I’ve reported on the ACLJ’s and Sekulow’s advocacy in Africa, intended to bring the “Christian nation” mythology there and impose or continue legal bans on homosexuality and abortion. In Zimbabwe, Sekulow played a key role in launching the African Centre for Law and Justice:
Together with the Evangelical Fellowship of Zimbabwe, the African Centre for Law and Justice is working to garner the support of religious leaders and activists for constitutional provisions that would “affirm that Zimbabwe is a predominantly Christian nation founded on biblical principles,” and require application of “the Laws of God in order to prosper and avoid chaos and destruction,” according to a pamphlet prepared by the EFZ and supported by the ALCJ.

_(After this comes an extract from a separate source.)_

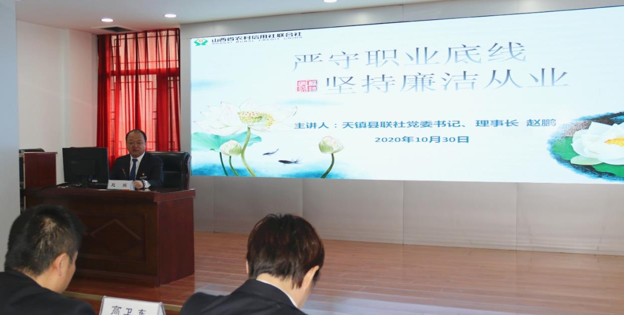 本网讯(通讯员 薛文娟)为积极响应省联社大同审计中心全面创建学习型机关的要求,10月30日,天镇县联社开展以“严守职业底线 坚持廉洁从业”为主题的专题教育讲座,联社全体干部职工参加此次廉政教育学习。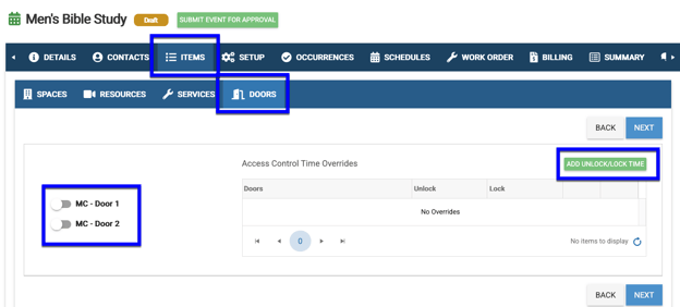 17. On the Items > Doors tab is where you can manually add or remove doors and add an override unlock and lock time. You can add one or multiple unlock and lock overrides to the event.

Backed by the ACLJ, [African Centre for Law and Justice Vicky] Mpofu has been traveling Zimbabwe to rally religious support for the EFZ’s constitutional proposals. “We’ve had a lot of support from ACLJ in America because for me to be able to go around the country to visit the ten provinces we’ve received some help financially and also we’ve received some help from the teams from America visiting and working with us,” Mpofu said. “The support has been tremendous.”

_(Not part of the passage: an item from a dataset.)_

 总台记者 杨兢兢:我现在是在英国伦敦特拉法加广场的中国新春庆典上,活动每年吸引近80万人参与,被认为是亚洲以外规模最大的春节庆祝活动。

More recently, the ACLJ has called on the Department of Justice to investigate the Congressional Muslim Staffers Association based on nothing more than a bogus Fox News report that the group hosted speakers with terrorist ties, a claim strongly disputed by Suhail Khan, a conservative Republican and a Muslim. Nonetheless, Sekulow took to the airwaves of Robertson’s Christian Broadcasting Network to engage in a guilt-by-association attack on Muslim Americans:
As the interview went on, it became clear that Sekulow’s goal is to end the Muslim prayers at the Capitol by portraying Muslim organizations as necessarily having ties to terrorists, a common smoke and mirrors routine used by the right. “We see now,” he said, “that when we scratch the surface of most Islamic organizations we find something that we don’t hope to find. we find that if you bring in speakers, they’re connected to terrorism.” He identified this as “a problem within Islam. As Christians, we can’t change what’s happening internally in Islam, but we cannot be afraid of exposing the truth of what is happening here in our US Capitol. Our hope is that the truth comes out, that people see the associations here, and that this group isn’t able to meet anymore.”
On Faith’s “About” section reads:
And so, in a time of extremism — for extremism is to the 21st century what totalitarianism was to the 20th — how can people engage in a conversation about faith and its implications in a way that sheds light rather than generates heat? At The Washington Post and Newsweek, we believe the first step is conversation-intelligent, informed, eclectic, respectful conversation-among specialists and generalists who devote a good part of their lives to understanding and delineating religion’s influence on the life of the world. The point of our new online religion feature is to provide a forum for such sane and spirited talk, drawing on a remarkable panel of distinguished figures from the academy, the faith traditions, and journalism.
It will be interesting to see if the Post continues to believe that someone who thinks, for example, that all Muslim organizations have terrorism lurking right beneath the surface or that homosexuality is a “perversion” can contribute to a “sane” conversation that “sheds light rather than generates heat.”